**PROBLEM STATEMENT**
Could you repeat every line below exactly, skipping the images?

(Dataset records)
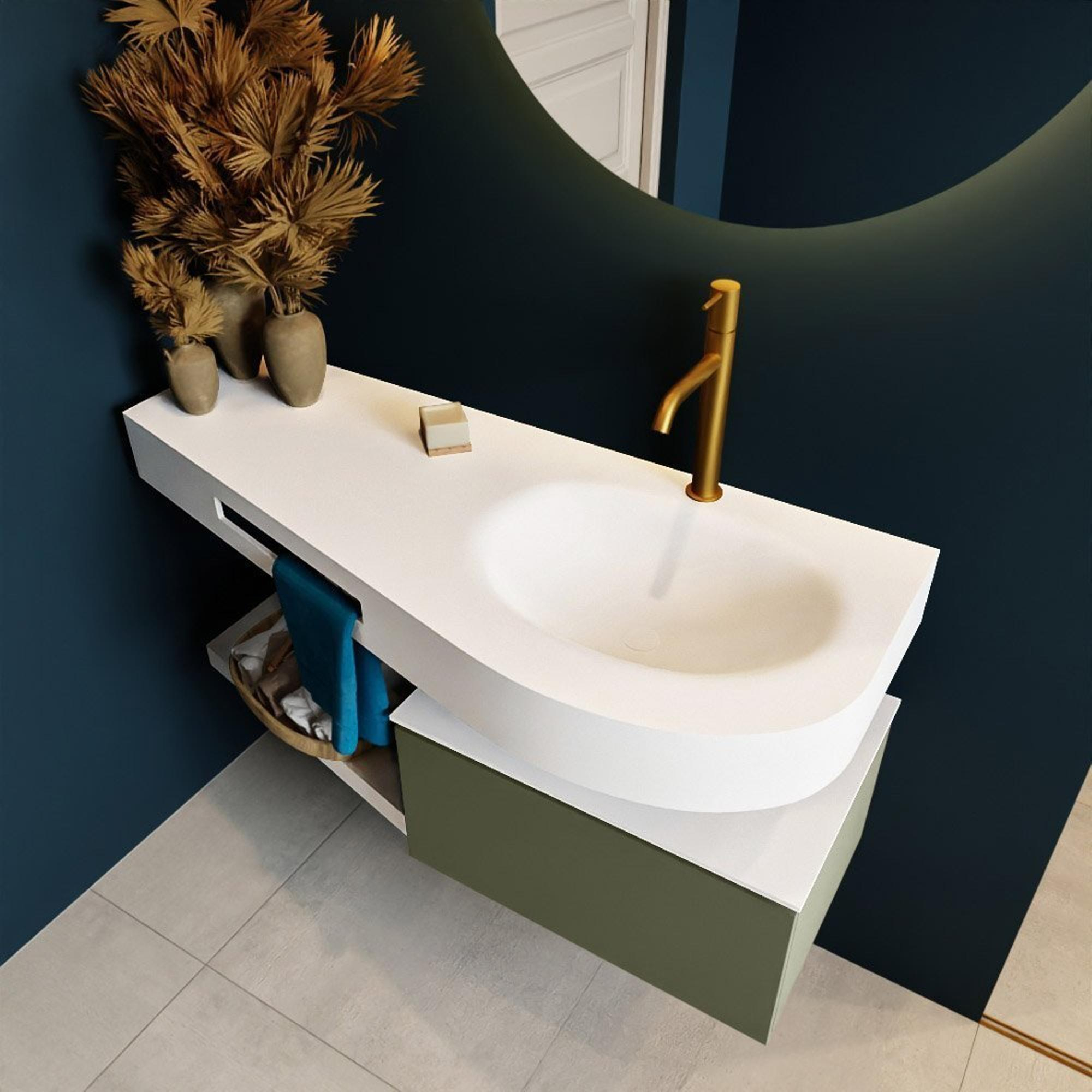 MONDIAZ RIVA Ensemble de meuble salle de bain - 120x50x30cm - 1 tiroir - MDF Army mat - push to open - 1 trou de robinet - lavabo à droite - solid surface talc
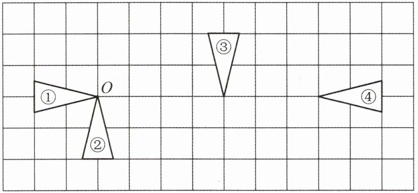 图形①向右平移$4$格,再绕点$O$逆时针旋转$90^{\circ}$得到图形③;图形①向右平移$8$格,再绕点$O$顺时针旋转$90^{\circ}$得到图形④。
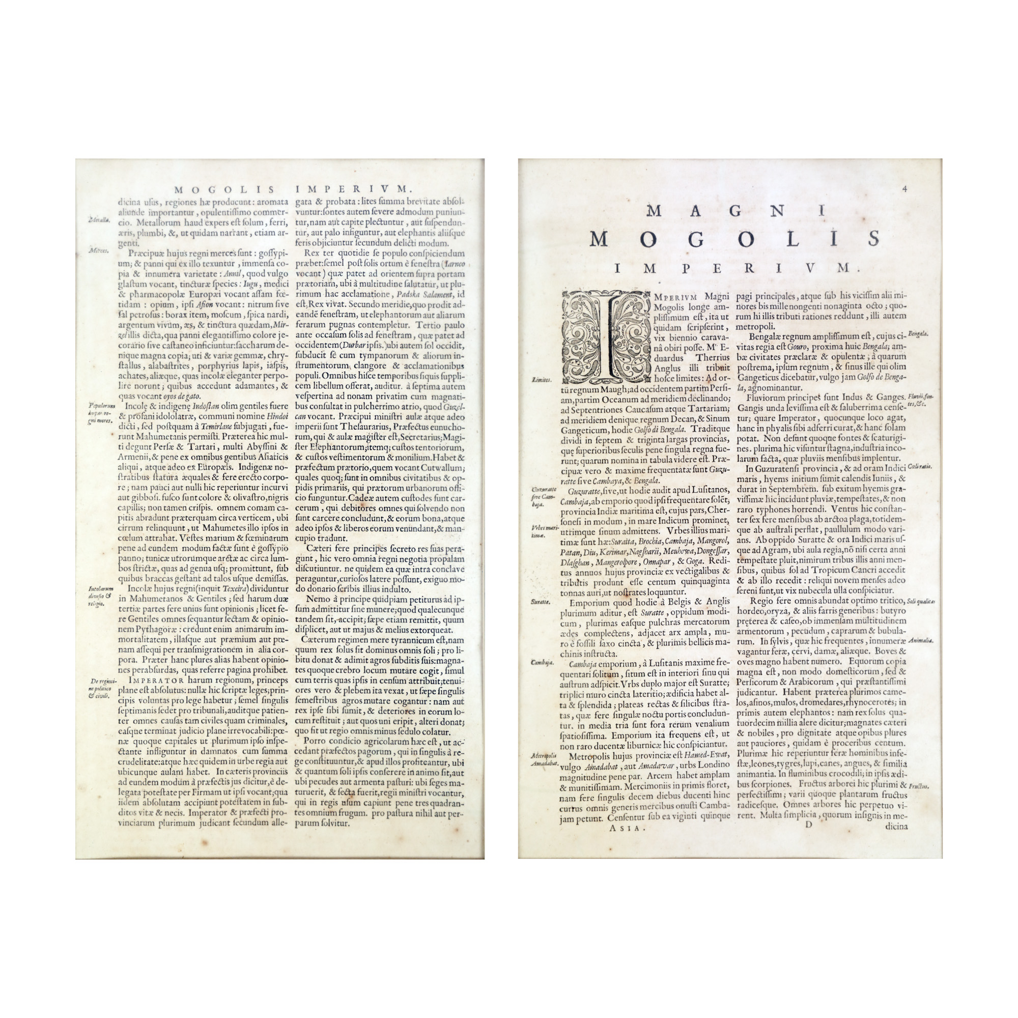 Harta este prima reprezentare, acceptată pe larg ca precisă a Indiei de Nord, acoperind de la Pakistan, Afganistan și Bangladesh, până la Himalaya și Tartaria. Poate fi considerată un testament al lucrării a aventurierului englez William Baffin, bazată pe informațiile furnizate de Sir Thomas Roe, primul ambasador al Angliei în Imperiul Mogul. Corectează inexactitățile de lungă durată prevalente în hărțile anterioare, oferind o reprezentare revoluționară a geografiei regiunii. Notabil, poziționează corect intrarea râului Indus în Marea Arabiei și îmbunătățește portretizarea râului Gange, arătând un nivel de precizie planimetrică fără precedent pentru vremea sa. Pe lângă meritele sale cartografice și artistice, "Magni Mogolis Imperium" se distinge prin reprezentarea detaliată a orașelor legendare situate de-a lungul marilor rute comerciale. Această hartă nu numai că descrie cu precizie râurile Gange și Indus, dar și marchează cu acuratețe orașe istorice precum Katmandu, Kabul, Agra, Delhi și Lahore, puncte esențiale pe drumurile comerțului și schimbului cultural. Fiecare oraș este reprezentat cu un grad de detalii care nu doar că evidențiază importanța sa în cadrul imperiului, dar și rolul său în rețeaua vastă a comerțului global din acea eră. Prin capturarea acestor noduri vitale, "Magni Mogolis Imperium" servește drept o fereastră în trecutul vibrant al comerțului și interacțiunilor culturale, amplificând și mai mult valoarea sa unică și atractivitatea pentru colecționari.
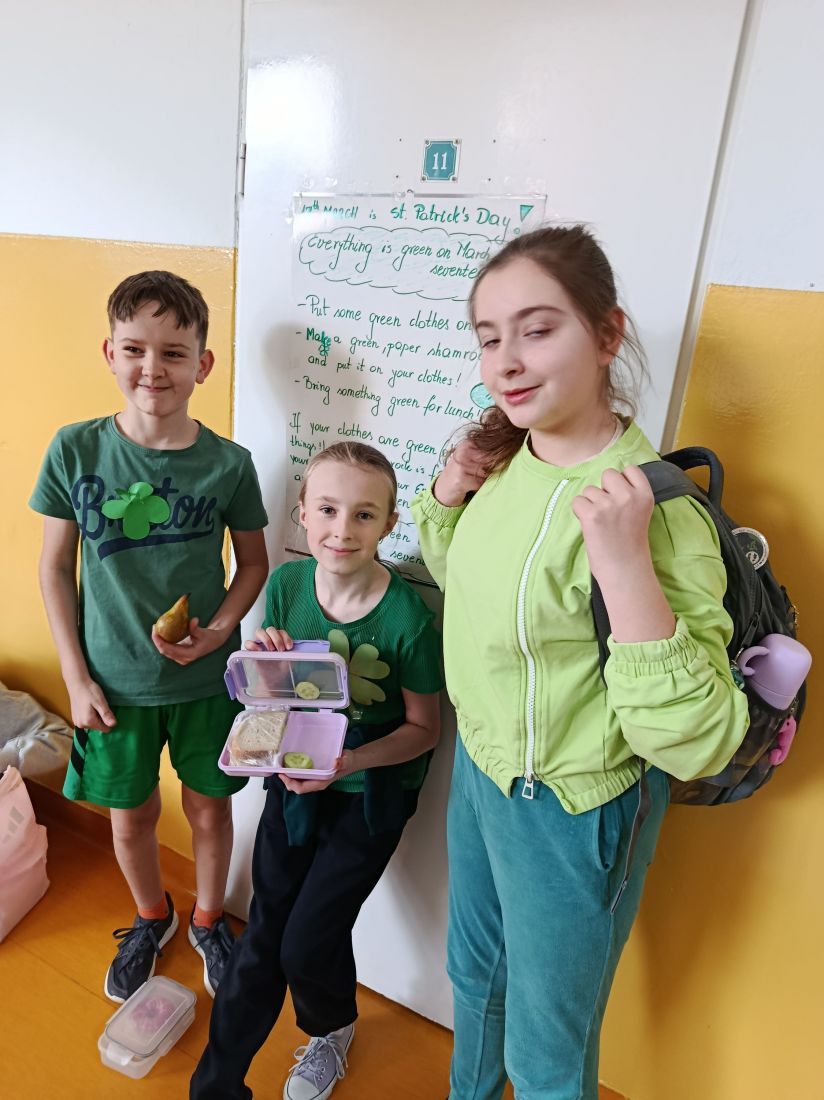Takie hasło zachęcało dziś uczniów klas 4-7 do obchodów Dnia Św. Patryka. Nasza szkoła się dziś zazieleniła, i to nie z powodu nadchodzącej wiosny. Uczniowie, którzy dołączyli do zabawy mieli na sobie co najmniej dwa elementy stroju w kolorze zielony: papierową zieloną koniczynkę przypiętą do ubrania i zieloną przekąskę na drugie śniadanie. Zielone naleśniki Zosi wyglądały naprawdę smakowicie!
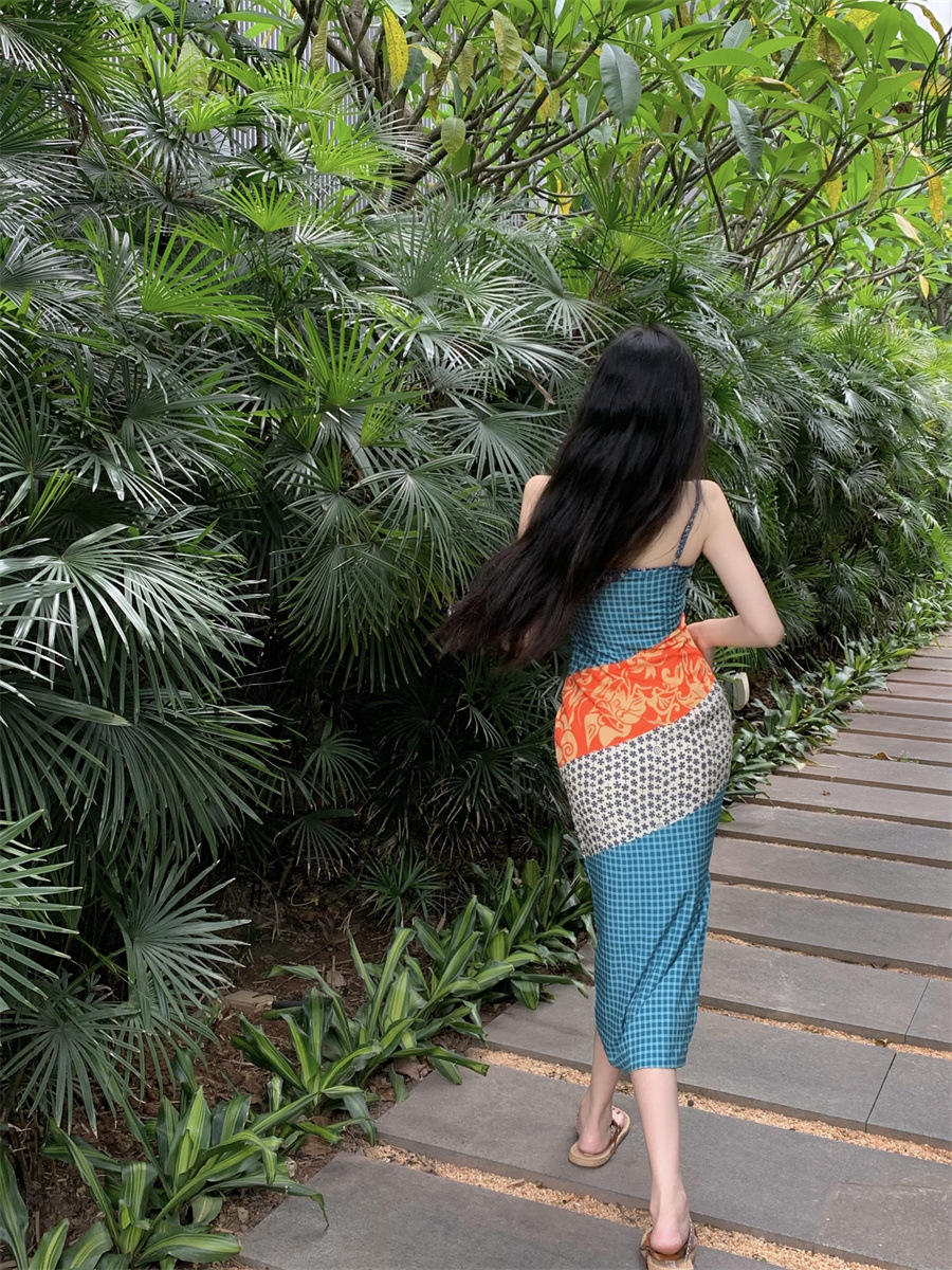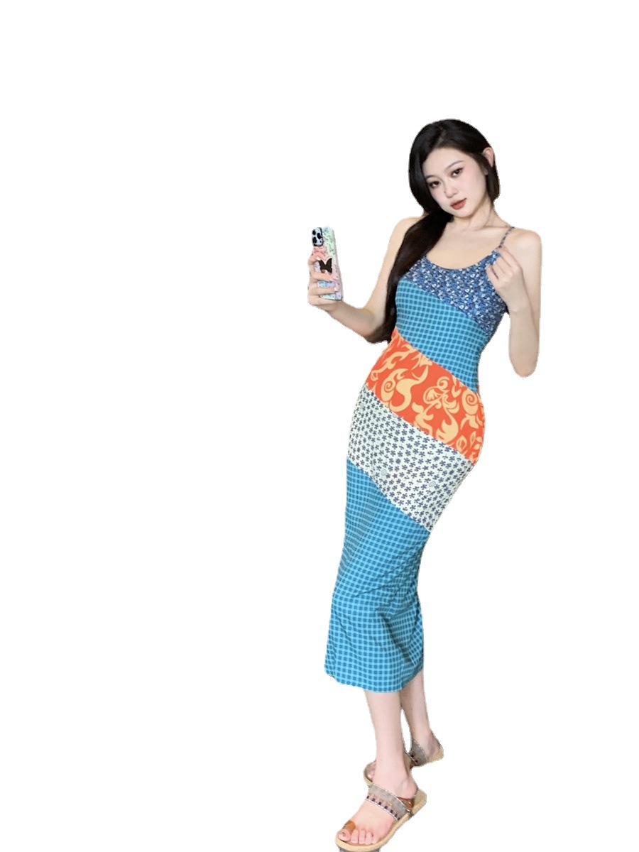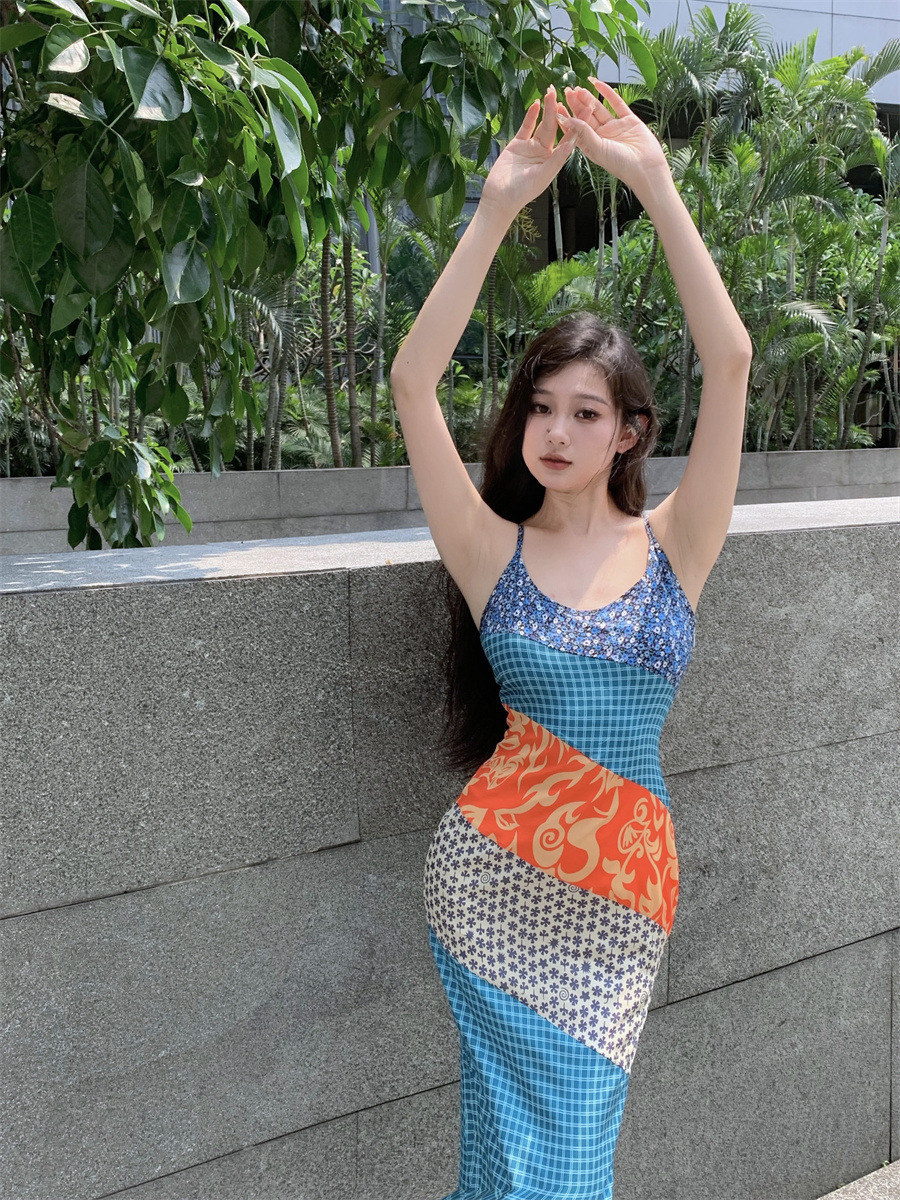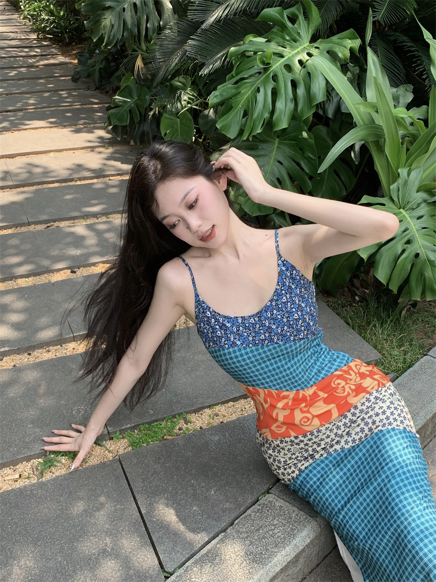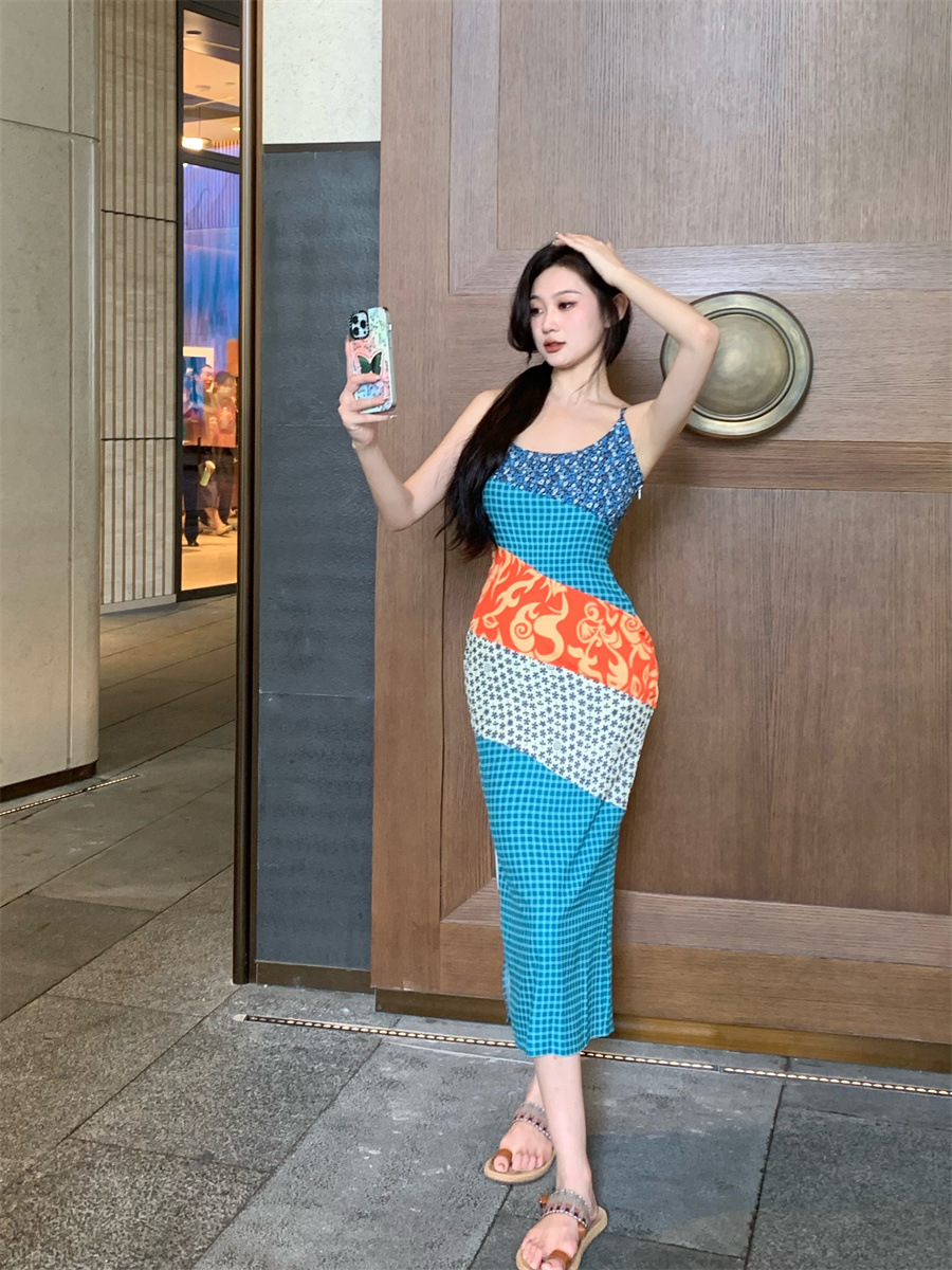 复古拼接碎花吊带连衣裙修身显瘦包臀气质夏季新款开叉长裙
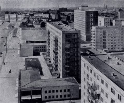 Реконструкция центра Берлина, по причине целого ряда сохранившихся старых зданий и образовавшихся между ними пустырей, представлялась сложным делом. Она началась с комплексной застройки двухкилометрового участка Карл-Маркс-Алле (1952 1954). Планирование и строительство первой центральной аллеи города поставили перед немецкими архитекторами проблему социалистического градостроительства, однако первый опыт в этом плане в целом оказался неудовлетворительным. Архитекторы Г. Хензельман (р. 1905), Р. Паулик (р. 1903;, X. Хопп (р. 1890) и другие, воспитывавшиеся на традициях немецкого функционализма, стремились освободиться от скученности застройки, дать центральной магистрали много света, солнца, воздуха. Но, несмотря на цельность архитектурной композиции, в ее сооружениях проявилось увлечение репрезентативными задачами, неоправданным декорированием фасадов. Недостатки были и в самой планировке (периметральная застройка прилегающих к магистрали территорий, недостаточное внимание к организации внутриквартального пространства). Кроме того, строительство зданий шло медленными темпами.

**RESPONSE TO THIS EXERCISE**
 MONDIAZ RIVA Ensemble de meuble salle de bain - 120x50x30cm - 1 tiroir - MDF Army mat - push to open - 1 trou de robinet - lavabo à droite - solid surface talc
 图形①向右平移$4$格,再绕点$O$逆时针旋转$90^{\circ}$得到图形③;图形①向右平移$8$格,再绕点$O$顺时针旋转$90^{\circ}$得到图形④。
 Harta este prima reprezentare, acceptată pe larg ca precisă a Indiei de Nord, acoperind de la Pakistan, Afganistan și Bangladesh, până la Himalaya și Tartaria. Poate fi considerată un testament al lucrării a aventurierului englez William Baffin, bazată pe informațiile furnizate de Sir Thomas Roe, primul ambasador al Angliei în Imperiul Mogul. Corectează inexactitățile de lungă durată prevalente în hărțile anterioare, oferind o reprezentare revoluționară a geografiei regiunii. Notabil, poziționează corect intrarea râului Indus în Marea Arabiei și îmbunătățește portretizarea râului Gange, arătând un nivel de precizie planimetrică fără precedent pentru vremea sa. Pe lângă meritele sale cartografice și artistice, "Magni Mogolis Imperium" se distinge prin reprezentarea detaliată a orașelor legendare situate de-a lungul marilor rute comerciale. Această hartă nu numai că descrie cu precizie râurile Gange și Indus, dar și marchează cu acuratețe orașe istorice precum Katmandu, Kabul, Agra, Delhi și Lahore, puncte esențiale pe drumurile comerțului și schimbului cultural. Fiecare oraș este reprezentat cu un grad de detalii care nu doar că evidențiază importanța sa în cadrul imperiului, dar și rolul său în rețeaua vastă a comerțului global din acea eră. Prin capturarea acestor noduri vitale, "Magni Mogolis Imperium" servește drept o fereastră în trecutul vibrant al comerțului și interacțiunilor culturale, amplificând și mai mult valoarea sa unică și atractivitatea pentru colecționari.
Takie hasło zachęcało dziś uczniów klas 4-7 do obchodów Dnia Św. Patryka. Nasza szkoła się dziś zazieleniła, i to nie z powodu nadchodzącej wiosny. Uczniowie, którzy dołączyli do zabawy mieli na sobie co najmniej dwa elementy stroju w kolorze zielony: papierową zieloną koniczynkę przypiętą do ubrania i zieloną przekąskę na drugie śniadanie. Zielone naleśniki Zosi wyglądały naprawdę smakowicie!
 复古拼接碎花吊带连衣裙修身显瘦包臀气质夏季新款开叉长裙
 Реконструкция центра Берлина, по причине целого ряда сохранившихся старых зданий и образовавшихся между ними пустырей, представлялась сложным делом. Она началась с комплексной застройки двухкилометрового участка Карл-Маркс-Алле (1952 1954). Планирование и строительство первой центральной аллеи города поставили перед немецкими архитекторами проблему социалистического градостроительства, однако первый опыт в этом плане в целом оказался неудовлетворительным. Архитекторы Г. Хензельман (р. 1905), Р. Паулик (р. 1903;, X. Хопп (р. 1890) и другие, воспитывавшиеся на традициях немецкого функционализма, стремились освободиться от скученности застройки, дать центральной магистрали много света, солнца, воздуха. Но, несмотря на цельность архитектурной композиции, в ее сооружениях проявилось увлечение репрезентативными задачами, неоправданным декорированием фасадов. Недостатки были и в самой планировке (периметральная застройка прилегающих к магистрали территорий, недостаточное внимание к организации внутриквартального пространства). Кроме того, строительство зданий шло медленными темпами.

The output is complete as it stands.